Tuesday, October 16, 2007

Pythagorean Limits

This will shock you, I know, but I love mathematical magic tricks.

You know the kind I'm talking about. You'll get an email that tells you to pick a number a number and then add 30 and square it and add pi and by the end of the email, it's telling you you your birthday. I love that stuff.

And in some ways, that's what baseball's pythagorean theorem is. (If you visit this site, you likely know what I'm talking about, and if you don't, this is a nice primer.) You square a few numbers and presto-change-o, you have a win-loss record. It's magical. And we all know from history what happens to anything magical.

That's right. It becomes misused. Because those that know the tricks like the attention or the power, and those that don't can become pretty gullible. That's probably overstating what is happening now, and it is surely twisting the motives. But baseball's pythagorean theorem has some limits that have become convenient to ignore for its practitioners.

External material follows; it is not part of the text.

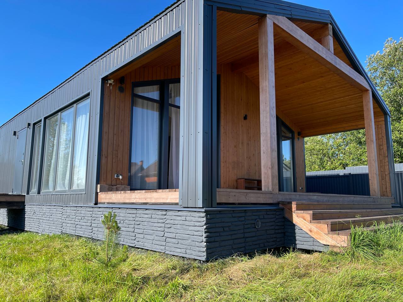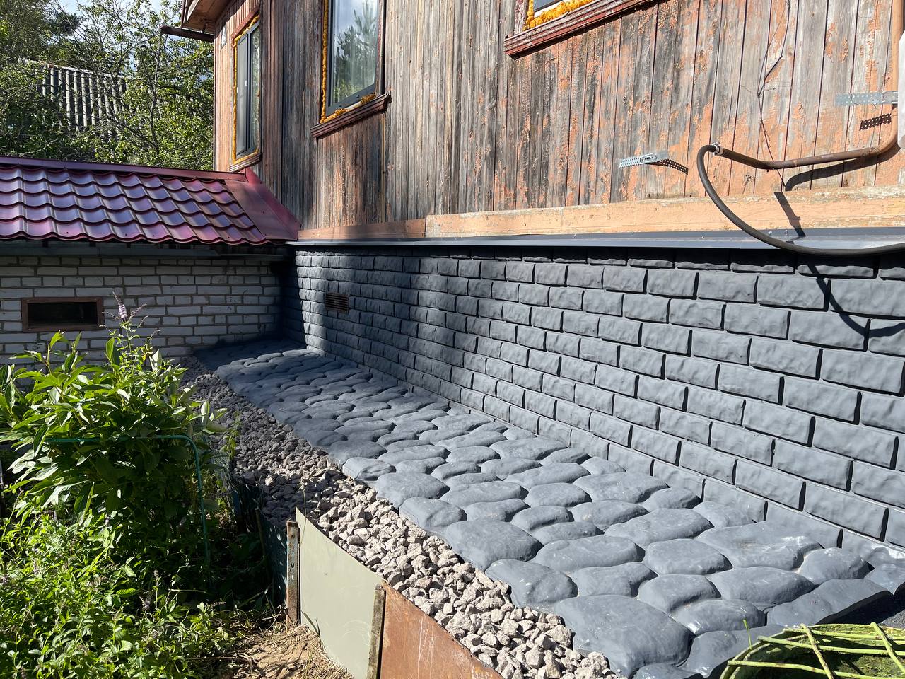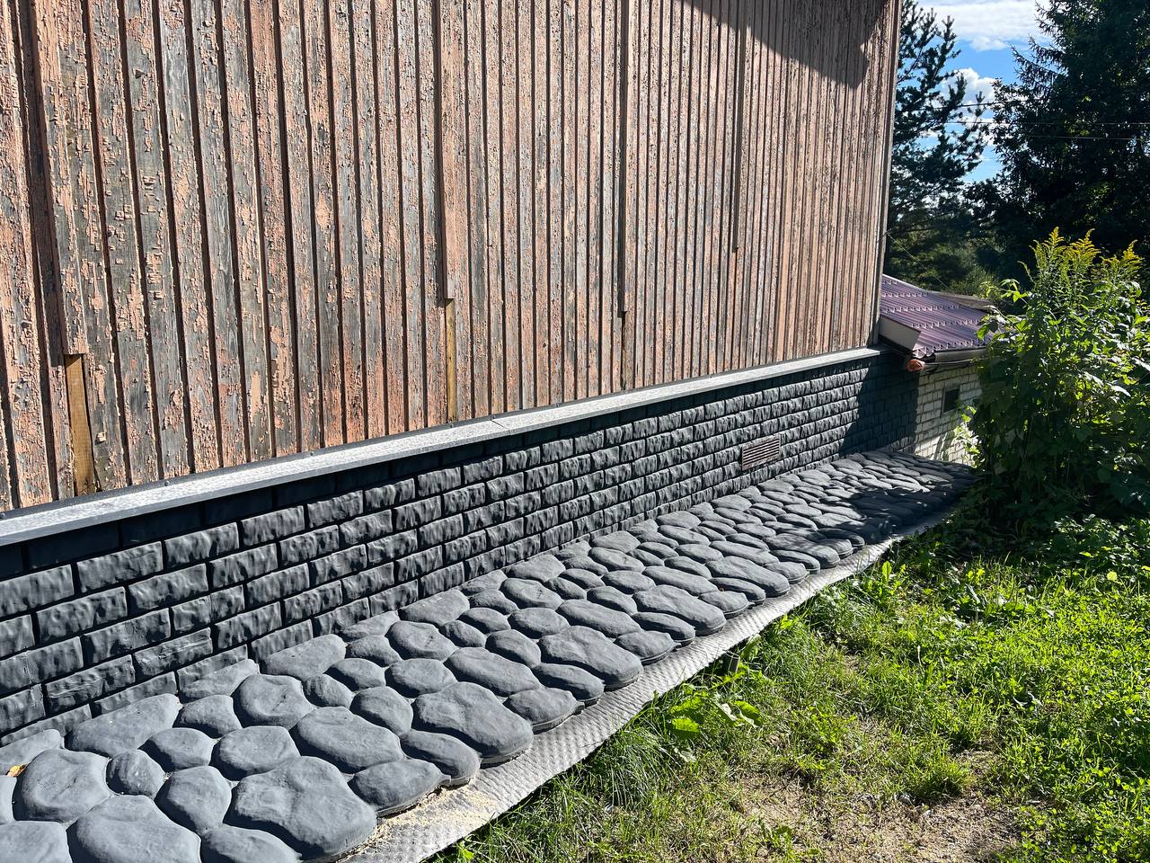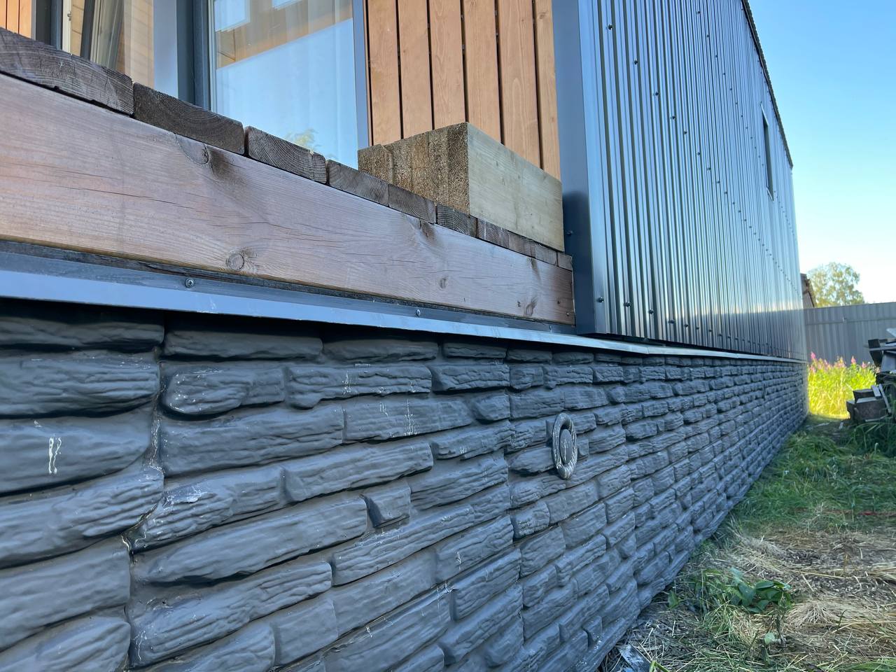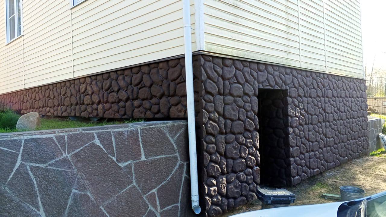 Легкие каменные панели используются для отделки винтовых свай, отделки бетонного цоколя, облицовки фасада деревянного, каркасного или газобетонного дома. Часто панели используют для устранения изъянов цоколя или фасада.

I'd like to go through a couple of those over the next couple days, starting with:

1. It ain't gospel.

You will undoubtedly see, at some point in next year's season previews, someone pointing to a team's pythagorean theorem as proof that they will be worse or better next year. For instance, the Braves underperformed their pythagorean record last year, so they're really a better team than you might have thought. This conclusion is justified because (as is often stated) a team's pythagorean theorem is a better indicator than a team's actual record as to their true ability.

And it is, but just barely. Here you'll find GameDay's study that looks at team over the last ten years. The spreadsheet compares each team's record to:
1) it's record the previous year and
2) it's pythagorean record the previous year.

The results are consistent with what every study I've read about this. The pythagorean record has a slightly higher correlation than the actual record, but not by much. In our study, the comparison was .582 to .555. That's a difference that is technically known in the statistical community as "pretty much a wash".

Or, in other words, flip a coin as to which one you want to pay more attention to.

Which doesn't mean that you should ignore a team's pythagorean record. Just understand that the team also has a real record, and it's nearly an equally valid indicator of how good that team is. So don't treat is as gospel. Or even a minor miracle.

It's just a neat magic trick.


Anonymous said...

"prettu much a wash"="pretty much meaningless"

The problem here is that neither one is particularly good at predicting the next year's record. The difference between the two is essentially irrelevant. Its measuring inches when all the other measurements are in miles.

Jack Ungerleider said...

First things first, all I know about most of these obscure statistical methods is what I read here. I did read the primer that John linked to above.

What I came away from the primer with was that given enough data and enough computing power you can squeeze any set of data onto any line. (Or into any other desired pattern.) This is no great revelation. None of these calculations can be used as a prediction tool. The only way you can use one to predict a future outcome is to insure that the inputs are constant, within a reasonable range. I would suggest that this is as possible with baseball as it is with the equity trading markets.